Lozan Antlaşması, I. Dünya Savaşı'nı sona erdiren son antlaşmadır. Lozan Antlaşması 143 madde
içermektedir. Ana içeriği ve önemi aşağıda sıralanmıştır;
*Lozan Konferansı Musul meselesini askıda bırakmıştı. Eski Osmanlı vilayeti olan Musul’un Türkiye'ye
veya Irak'taki İngiliz mandasının sınırları içine dahil edilmesi konusu karara bağlanmamıştı.
*Lozan Konferansı’nda Türk-Irak sınırı görüşülürken Türkiye, Musul halkının çoğunluğunu Türklerin
oluşturduğu ve Misakı Millî sınırları içinde bulunduğunu ileri sürerek bölgenin kendisine verilmesini
istedi. İngiltere’in bölgeyi istemesinin nedeni, zengin petrol yataklarına sahip olmasıydı.
• İlk olarak Musul, Birinci Dünya Savaşı'nın sonunda Osmanlı kontrolü altındaydı ve ardından
İngiliz kuvvetleri tarafından işgal edilmesi, 1918 Mondros (Mudros) Mütarekesi'nin açık bir
ihlaliydi.
• İkincisi, Türkiye'nin Musul iddiası, Türk Kurtuluş Savaşı'nın hedeflerini tanımlayan Misak-ı
Milli'de kutsal kabul ediliyordu. Musul bölgesinin değerli petrol kaynaklarına sahip olması,
konuyu daha da öne çıkardı.
*Türkiye nüfus açısından, siyasi, tarihi ve coğrafi nedenlere dayalı olarak Musul’un kendisine
bırakılmasını haklı gerekçelerle öne sürdü.

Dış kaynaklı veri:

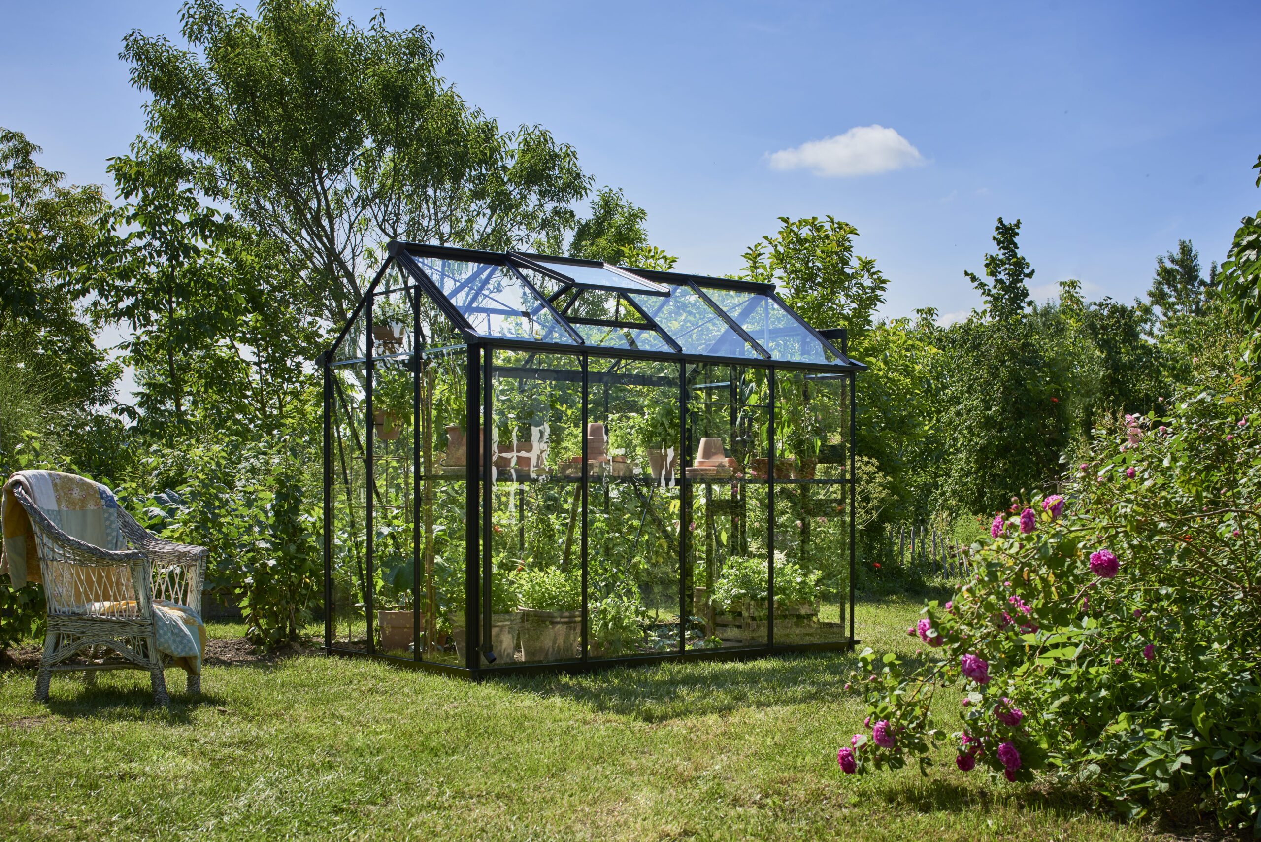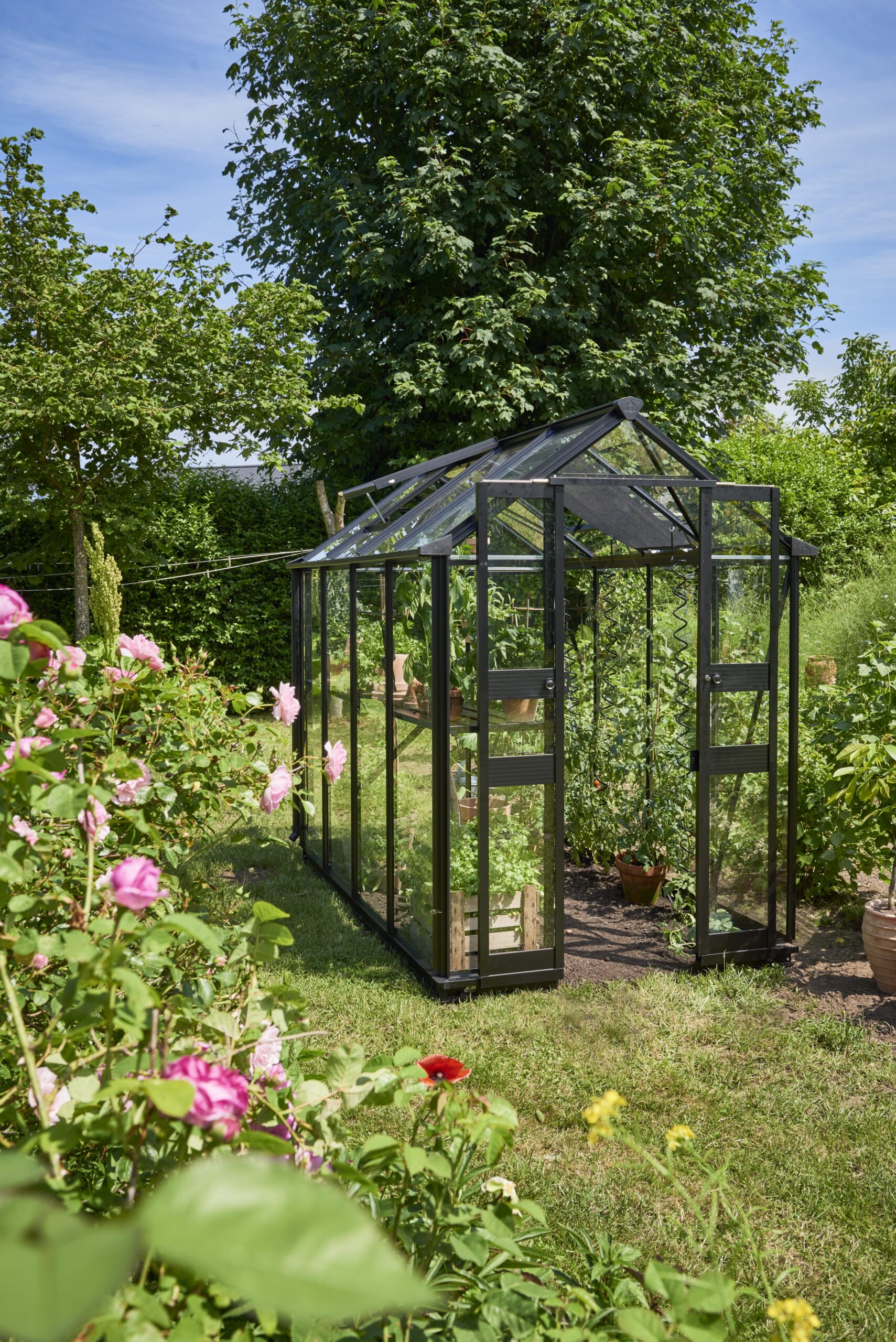 De Birdlip 48, zwart gecoat. Zoekt u een kleine tuinkas met stahoogte? Kies dan voor de Birdlip, de kleinste tuinkas ter wereld. Ondanks de kleine afmetingen is deze vrijstaande kas standaard uitgevoerd met een drempelloze dubbele schuifdeur met slot, 65 cm breed en een deurhoogte van maar liefst 187 cm. U gaat dus niet gebukt de kas in! Voor de extra brede goot met een breedte van 80 mm worden gratis 2 regenpijpen met een diameter van 40 mm meegeleverd. De Birdlip kas wordt geleverd met 3 mm dik veiligheidsglas. De afdichting wordt gefixeerd met kunststof beglazingsstrips. Het voordeel van veiligheidsglas: de ruiten worden geleverd in lange ruiten en tot 6 keer sterker dan tuindersglas en zeer duurzaam. Het frame van de Birdlip is standaard leverbaar in een blanke uitvoering. Voor een meer luxueuze uitstraling en / of eenheid met de omgeving waarin de kas wordt geplaatst is deze kas leverbaar in een zwarte of klassiek donkergroen gecoate uitvoering. Een goede beluchting is van levensbelang in de kas. Daarom is de Birdlip voorzien van 1 dakraam in model 44 en 2 dakramen in de twee grootste modellen; 46 en 48. Voor optimaal gebruiksgemak wordt het gebruik van een automatische raamopener geadviseerd. Deze raamopeners zijn temperatuurgevoelig en openen of sluiten het dakraam automatisch. Voor een stabiele en sterke basis is een funderingsrand noodzakelijk. De Birdlip wordt standaard (gratis) geleverd met een aluminium funderingsrand van 8 cm hoog. Indien u kiest voor een zwart of donkergroen gecoate kas wordt ook de fundering in deze kleur meegeleverd.

*Belirtilen süre içinde iki Hükümet arasında anlaşma sağlanamazsa, anlaşmazlık Milletler Cemiyeti
Konseyine götürülecektir.
*Lozan Antlaşması uyarınca Türk ve İngiliz delegeleri arasında 19 Mayıs 1924'te İstanbul'da başlayan
görüşmeler, 9 Haziran 1924'e kadar sürdü, ancak kesin bir sonuca ulaşamadı.

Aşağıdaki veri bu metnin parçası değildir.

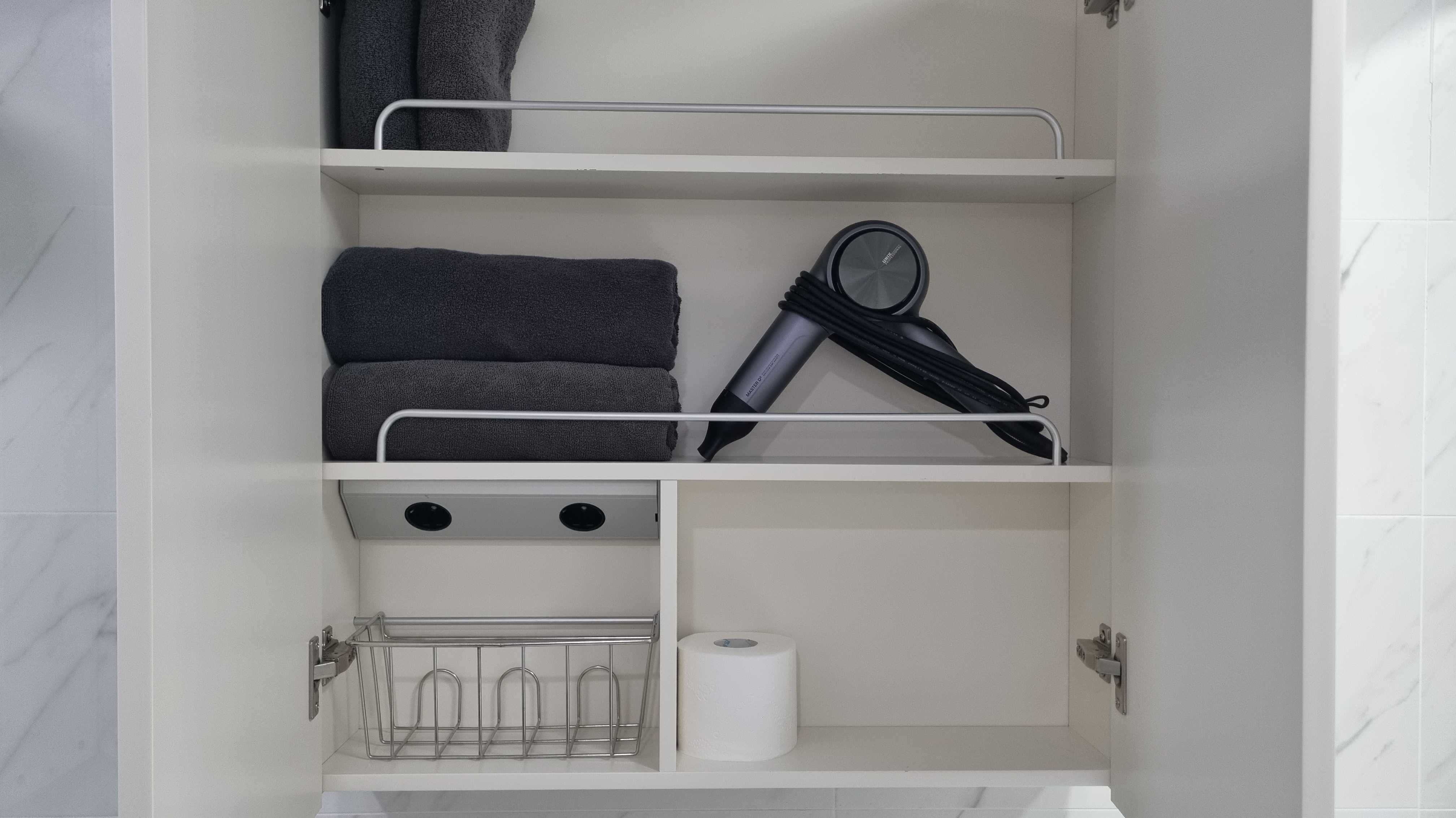 욕실 수납장 안에 헤어 드라이어가 준비되어있습니다.

*16 Aralık 1925'te Milletler Cemiyeti Konseyi, Musul'un İngiliz mandası Irak sınırları içinde kalması
gerektiğine karar verdi. Başlangıçta Türk hükümeti kararı kabul etmediğini açıkladı, ancak 1926'nın
başlarında Musul meselesindeki gerilimin büyük bir kısmı ortadan kalktı. Haziran 1926'da Türkiye,
Musul üzerindeki iddiasından resmen vazgeçti.
*Şeyh Sait isyanının çıkmasında Musul’u Türkiye’ye vermek istemeyen İngilizlerin isyancıları
destekleyerek bölgede bir Kürt meselesi çıkarmak istemelerinin de payı vardır. Böylece İngilizler, Türk
Hükümeti’ni zayıflatarak Musul meselesini kendi lehine çözümlemek istemişlerdir. Bu nedenlerle
Türkiye, Musul konusunda Misak-ı Millî sınırlarından taviz vererek geri adım atmak zorunda kalmıştır.
*5 Haziran 1926 tarihinde Türkiye, İngiltere ve Irak arasında bölgenin geleceği ile ilgili olarak
Ankara’da bir antlaşma imzalandı.
*Bu antlaşma ile Musul, İngiliz mandası altındaki Irak’a bırakıldı. Buna karşılıklı Türkiye, Musul
petrollerinden 25 yıl süre ile % 10 pay alacaktı. Türkiye, yapılan yeni bir düzenleme ile bu paydan
500.000 İngiliz Lirası karşılığında vazgeçmişti.